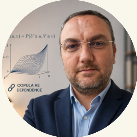
Selim Orhun Susam Munzur Üniversitesi
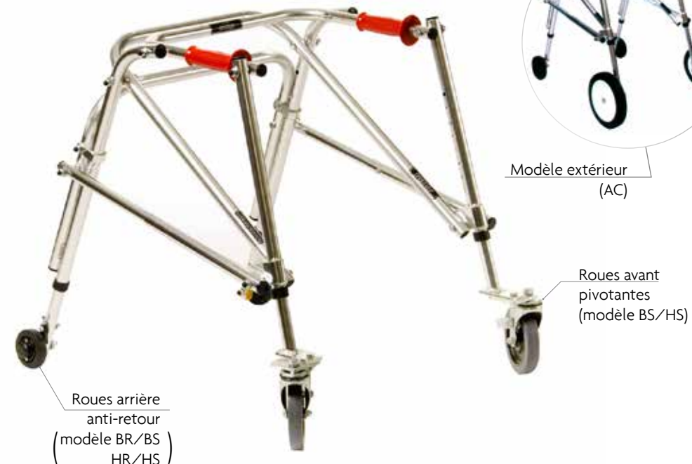
Roues arrière anti-retour (modèle BR/BS HR/HS)
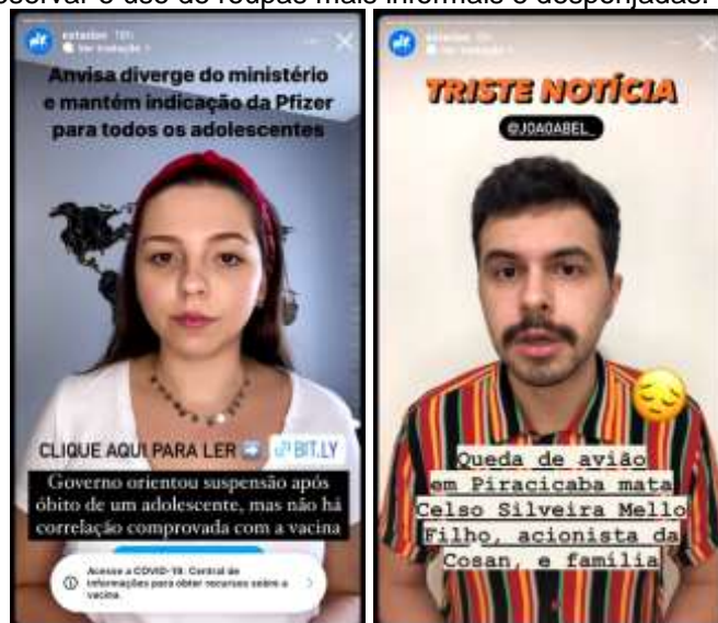
Figuras 3 e 4: Principais jornalistas que mais aparecem nos stories do Estadão, onde é possível observar o uso de roupas mais informais e despojadas.

O relato do criador do Drops de que a porcentagem do público jovem aumentou esclarece o porquê da linguagem escolhida para comunicar no story do Instagram do Estadão. A utilização de GIF's , emojis , vídeos divertidos, ferramentas de interação e as falas dos apresentadores são destinadas a esse público específico, apropriando-se de gírias e termos comumente usados pela faixa etária. Neste caso, ao público mais jovem. Trazendo um exemplo de uma das falas do veículo, a jornalista
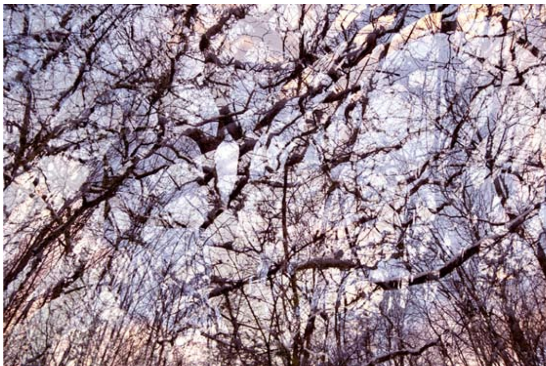
Osla Vena , tirage pigmentaire sur papier baryté contrecollé sur aluminium, 2004. © Étienne de France
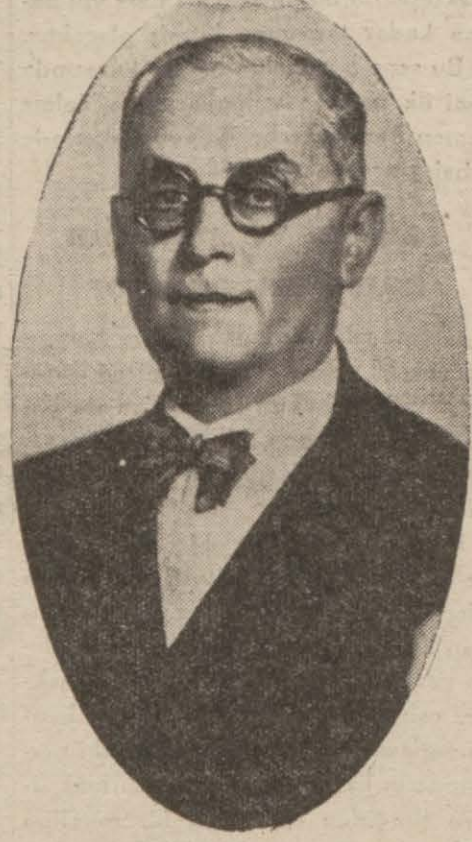
Parti grupunda izahatta bulunan Başvekil Celâl Bayar

Bundan sonra dahiliye vekili ve Parti Genel Sekreteri Şükrü Kaya geçen sene Parti mebuslarının intihap dairelerinde yaptıkları tetkiklere ait raporlardan alınan iyi neticeleri ve bu sene de yaz tatili dolacağı için (Devamı 3 üncü sayfada)
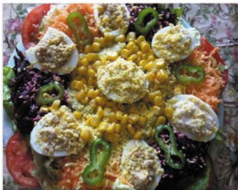
من صنف 'السلطات'
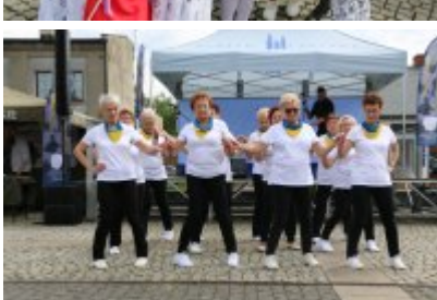
Dzień Weterana Działań Poza Granicami Państwa

^^^^^^^^

Instructions for the task:
The reply should consist solely of the number of lines in the records that include "Parti".

Answer to this problem:
2